Dense Regression Activation Maps For Lesion Segmentation in CT scans of COVID-19 patients
Weiyi Xie, Colin Jacobs, Jean-Paul Charbonnier, Bram van Ginneken

TL;DR
This paper introduces a weakly-supervised method using dense regression activation maps and an attention module for accurate lesion segmentation in COVID-19 CT scans, reducing annotation costs and improving segmentation accuracy.
Contribution
The authors propose a novel dense regression activation map approach combined with an attention module for lesion segmentation, outperforming traditional CAM-based methods.
Findings
Achieved 70.2% Dice coefficient on COVID-19 CT scans.
Outperformed CAM-based baseline with 48.6% Dice coefficient.

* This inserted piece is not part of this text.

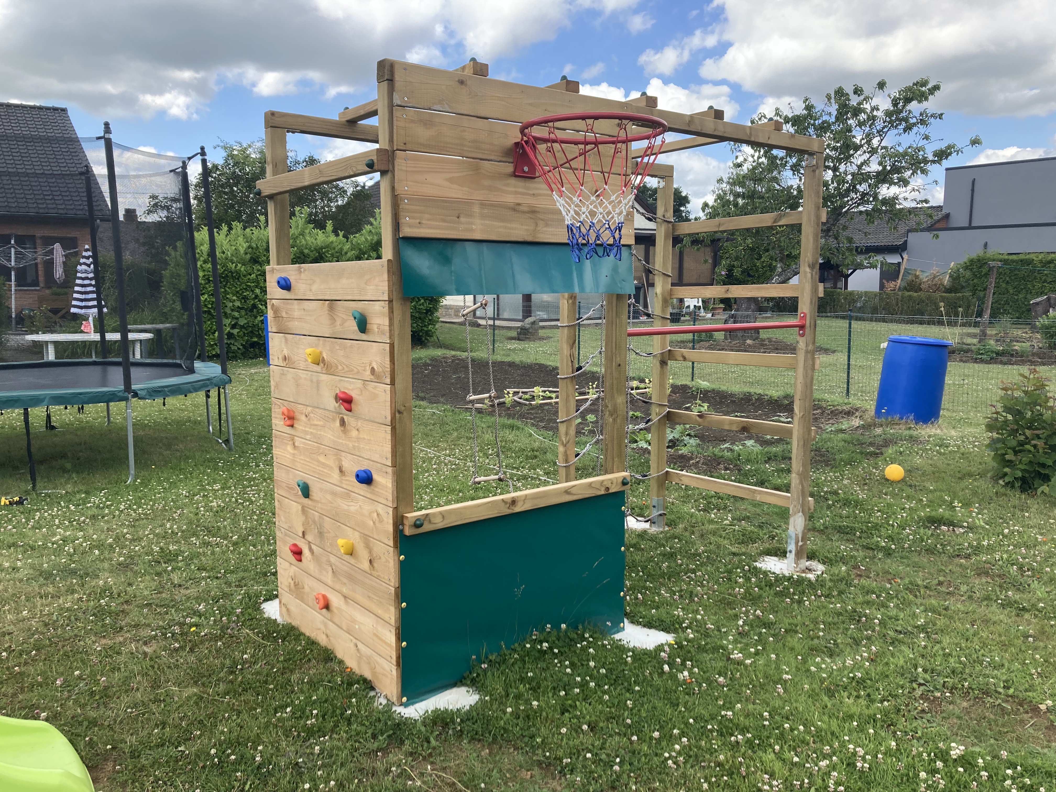 Het compacte Smart Action speeltoestel is juist populair bij gezinnen met een kleinere tuin en biedt je kids veelzijdige mogelijkheden om buiten te spelen. De basketbalring nodigt uit om met de bal te spelen. Aan het duikelrek kunnen je kinderen naar hartenlust turnen. Samen met hun vriendjes kunnen ze de grote klimwand en het klimnet op klimmen of hun behendigheid op de ladder met sporten of het klimtouw beproeven. De hangbrug stimuleert het coördinatievermogen van je kinderen en maakt van de Smart Action het perfecte totaalpakket voor eindeloos speelplezier.

Demonstrated effectiveness with 90 subjects.
Abstract
Automatic lesion segmentation on thoracic CT enables rapid quantitative analysis of lung involvement in COVID-19 infections. However, obtaining a large amount of voxel-level annotations for training segmentation networks is prohibitively expensive. Therefore, we propose a weakly-supervised segmentation method based on dense regression activation maps (dRAMs). Most weakly-supervised segmentation approaches exploit class activation maps (CAMs) to localize objects. However, because CAMs were trained for classification, they do not align precisely with the object segmentations. Instead, we produce high-resolution activation maps using dense features from a segmentation network that was trained to estimate a per-lobe lesion percentage. In this way, the network can exploit knowledge regarding the required lesion volume. In addition, we propose an attention neural network module to refine…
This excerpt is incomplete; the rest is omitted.